# Homebuild table saw



## lotsasteam (Jan 3, 2008)




----------



## OldNoob (Apr 30, 2016)

Nice simple hobby saw. i like the idea. less cost than a Proxxon for sure.


----------



## Treeman (Jan 6, 2008)

Just pull all of the items needed from your parts bins.


----------



## steamermeister (Feb 20, 2013)

There's a lot of these make-it-yourself tool videos out there. I feel like for the time and money you put in vs the quality of tool you end up with Harbor Freight is probably a better option. That is, unless your ambition is in fact to built your own mini table saw and not just save money on owning one.


----------



## Kovacjr (Jan 2, 2008)

Yes it will cut wood, but not at any accuracy for modeling really. Tons if crazy DIY stuff, but for the most part its a exercise of building something that is the same of a commercial product but rarely the quality.

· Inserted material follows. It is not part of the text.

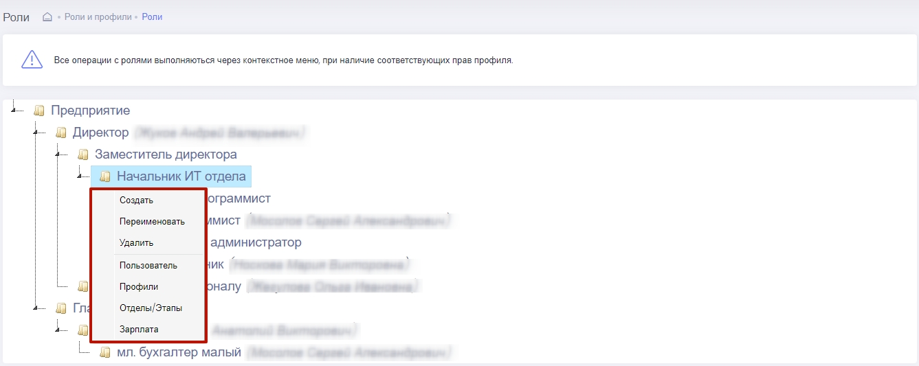 Роли это визуальное представление кадровой структуры организации. Каждый пользователь выполняет определенные задачи и в настройках есть возможность отобразить необходимую информацию наглядно для общего доступа.
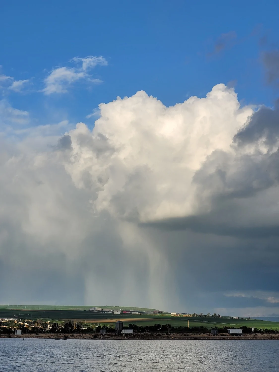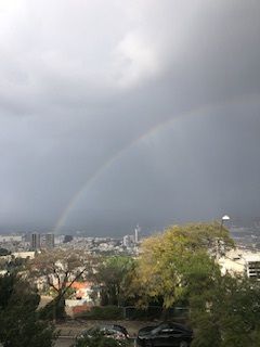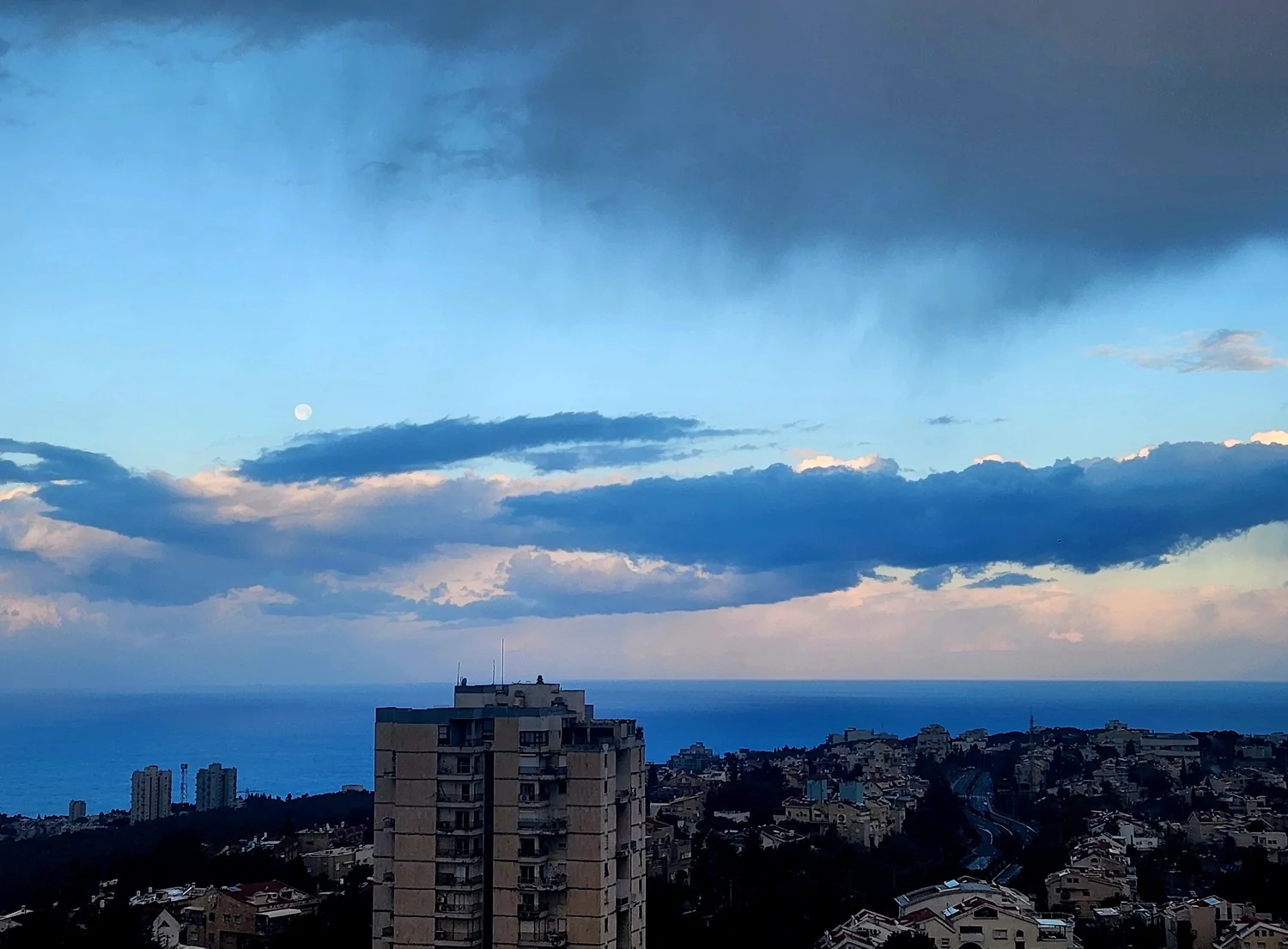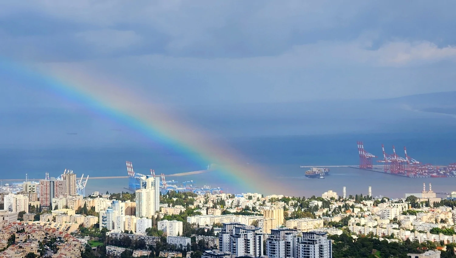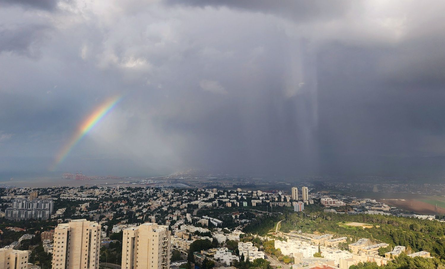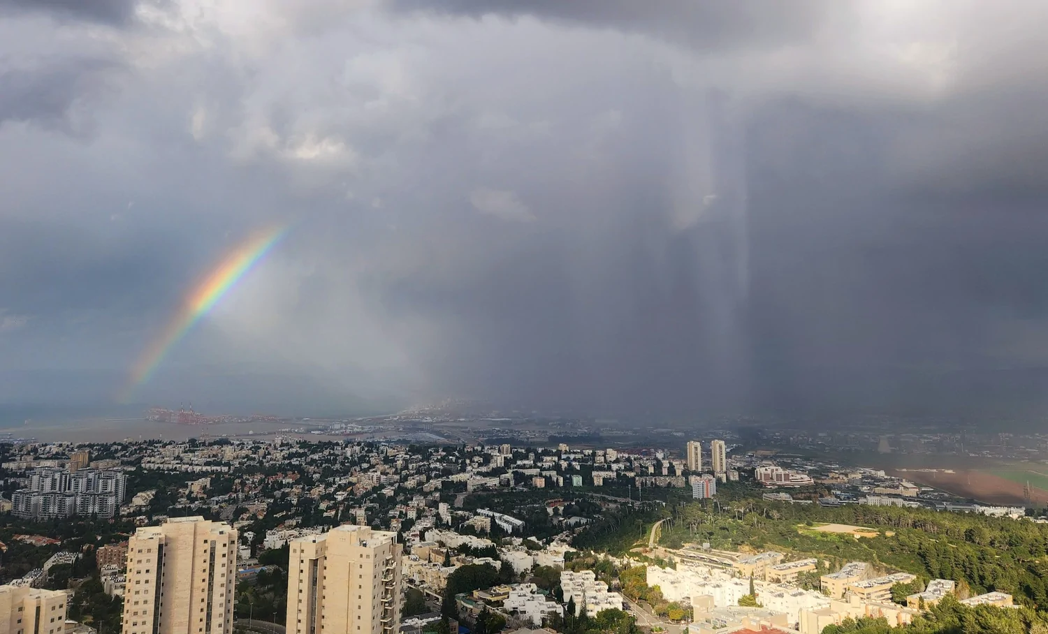 - מראה דרמטי בשמי מפרץ חיפה : מטחי גשם וקשת מונט

Years ago I built a tablesaw from 3/8" alum jig plate a true miter slot/guide but it was a fixed height blade. 4" blades. It worked. it was smooth running for the most part, the motor was not great. But it was dead on parallel to the slot and gave perfect cross cuts. In the end I sold it for 125.00. Not even close to the time put in or material. Went and bought a Byrnes saw and never looked back.

I do know in the archives IF they go back that far would be some photos of it and the machining.


----------